The term "antigen-binding fragment" (used interchangeably herein with "antibody fragment" and "antigen-binding portion") refers to a molecule that is different from an intact antibody, comprises a portion of an intact antibody, and binds to an antigen to which the intact antibody binds. Examples of antigen binding fragments include, but are not limited to Fv, fab, fab ', fab ' -SH, F (ab ') ₂ The method comprises the steps of carrying out a first treatment on the surface of the Diabodies (dabs); a linear antibody; single chain antibodies (e.g., scFv); single domain antibodies (single domain antibodies);antigen binding fragments of bivalent or bispecific antibodies; camelidae antibodies; and other fragments that exhibit the desired ability to bind antigen (e.g., B7-H3).

"affinity" or "binding affinity" refers to the inherent binding affinity that reflects the interaction between members of a binding pair. The affinity of a molecule X for its partner Y can be generally represented by the equilibrium dissociation constant (KD), which is the ratio of the dissociation rate constant and the binding rate constant (kdis and kon, respectively). Affinity can be measured by common methods known in the art. One specific method for measuring affinity is the ForteBio kinetic binding assay herein.

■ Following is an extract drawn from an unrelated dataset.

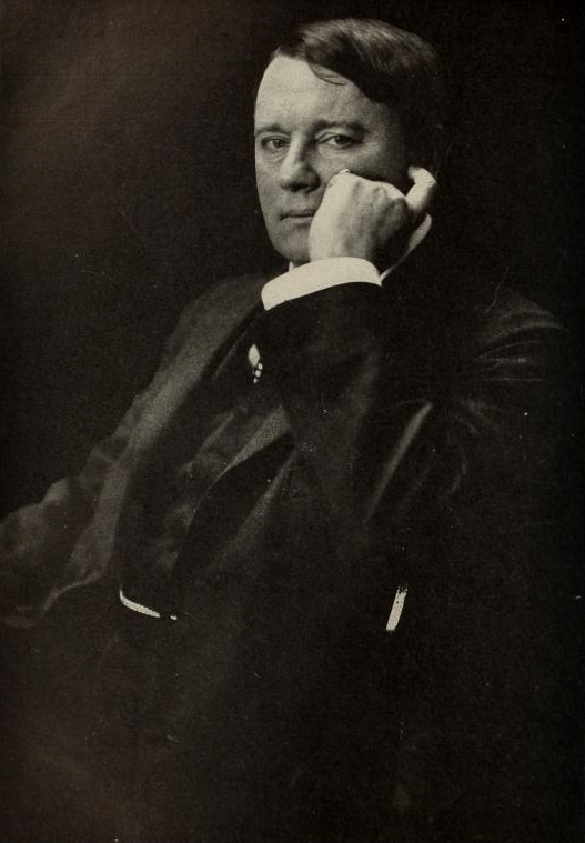 Portrait of Alfred Harmsworth, 1st Viscount Northcliffe

The term "Fc region" is used herein to define the C-terminal region of an immunoglobulin heavy chain, which region comprises at least a portion of a constant region. The term includes native sequence Fc regions and variant Fc regions. In certain embodiments, the human IgG heavy chain Fc region extends generally from Cys226 or Pro230 to the carbonyl terminus of the heavy chain. However, the C-terminal lysine (Lys 447) of the Fc region may or may not be present. Unless otherwise indicated, numbering of amino acid residues in the Fc region or constant region is according to the EU numbering system, which is also known as the EU index, as in Kabat et al Sequences of Proteins of Immunological Interest,5 ^th As described in Ed.public Health Service, national Institutes of Health, bethesda, MD, 1991.

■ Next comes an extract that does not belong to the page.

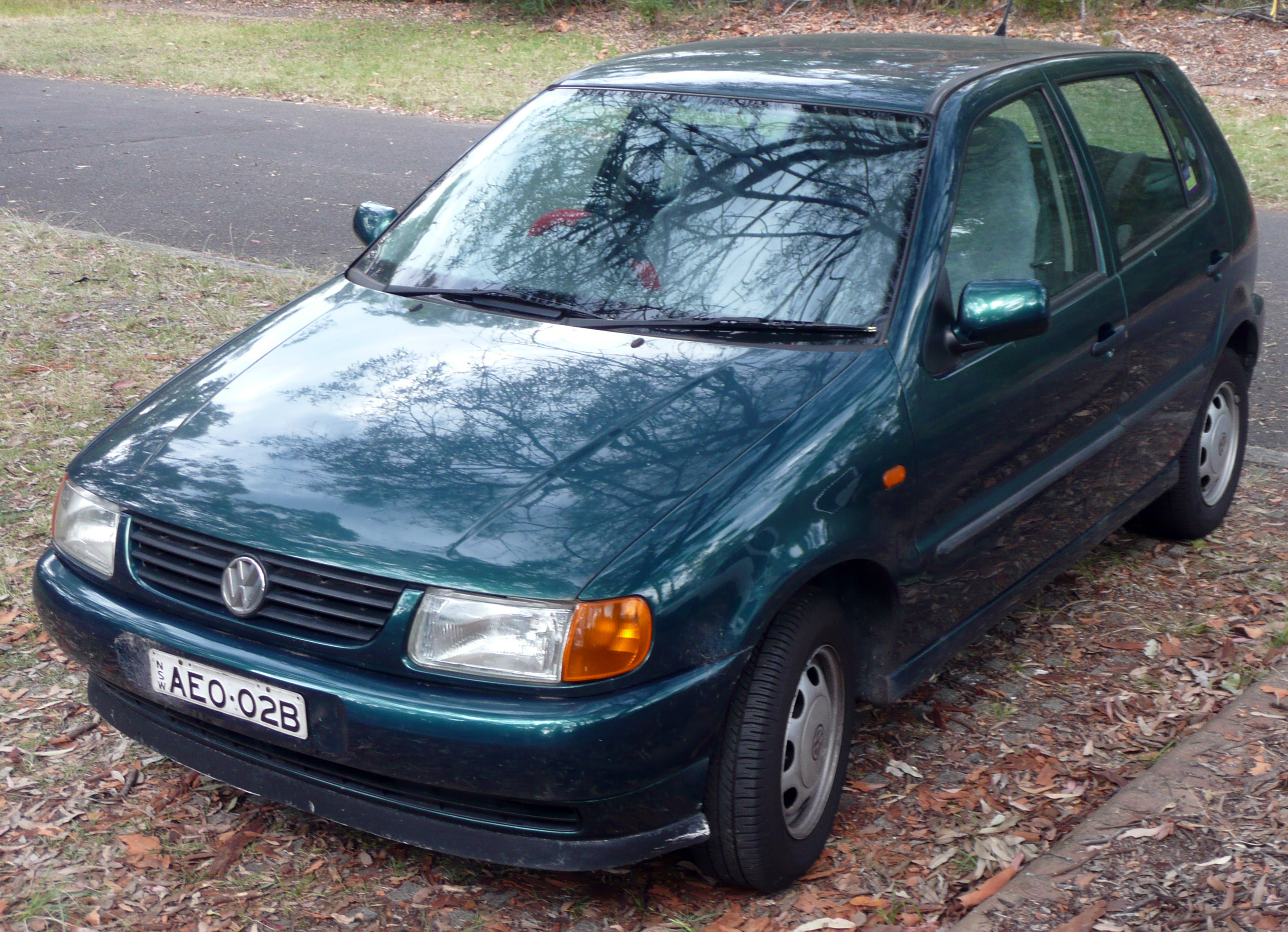 1997 Volkswagen Polo (6N) 5-door hatchback. Photographed in Audley, New South Wales, Australia.

The term "variable region" or "variable domain" refers to the domain of an antibody that is involved in the heavy or light chain of an antibody binding to an antigen. The variable domains of the heavy and light chains of natural antibodies generally have similar structures, with each domain comprising four conserved Framework Regions (FR) and three complementarity determining regions (see, e.g., kit et al Kuby Immunology,6 ^th ed., w.h. freeman and co.91 page (2007)). A single VH or VL domain may be sufficient to confer antigen binding specificity. Furthermore, VH or VL domains from antibodies that bind to a particular antigen can be used to screen libraries of complementary VL or VH domains, respectively, to isolate antibodies that bind to the antigen, see, e.g., portland et al, j.immunol.150:880-887 (1993); clarkson et al, nature 352:624-628 (1991).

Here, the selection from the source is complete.